- _WHAT YOU NEED TO DO_: Copy, from the material below, every line in which the word "Rhena" can be found.
═════ DATA EXTRACT ═════
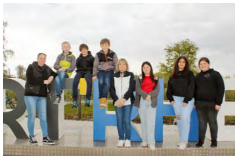
Le CMJ de Fessenheim sur le parvis d'Art'Rhena

Dans le cadre du projet citoyenneté piloté par le service sport et animation de la communauté de communes Alsace Rhin Brisach, les jeunes conseillers municipaux du territoire se sont retrouvés mi-avril à la salle culturelle Art'Rhena pour une journée d'échanges.
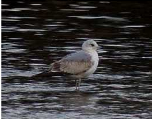
Goéland cendré Larus canus , ind.2 A, janvier 2017, Limoges (87) N. Lagarde.
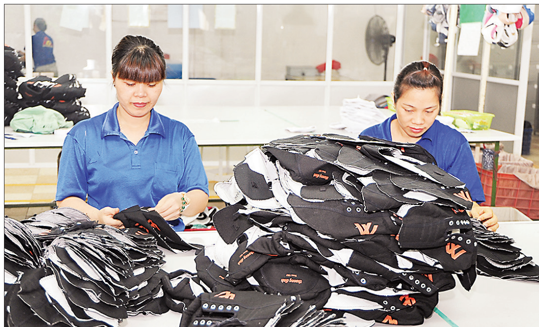
Kinh tế Việt Nam đang tiếp tục duy trì đà tăng trưởng cao.
═════
- _OUTPUT FOR THIS TASK_:
Le CMJ de Fessenheim sur le parvis d'Art'Rhena
Dans le cadre du projet citoyenneté piloté par le service sport et animation de la communauté de communes Alsace Rhin Brisach, les jeunes conseillers municipaux du territoire se sont retrouvés mi-avril à la salle culturelle Art'Rhena pour une journée d'échanges.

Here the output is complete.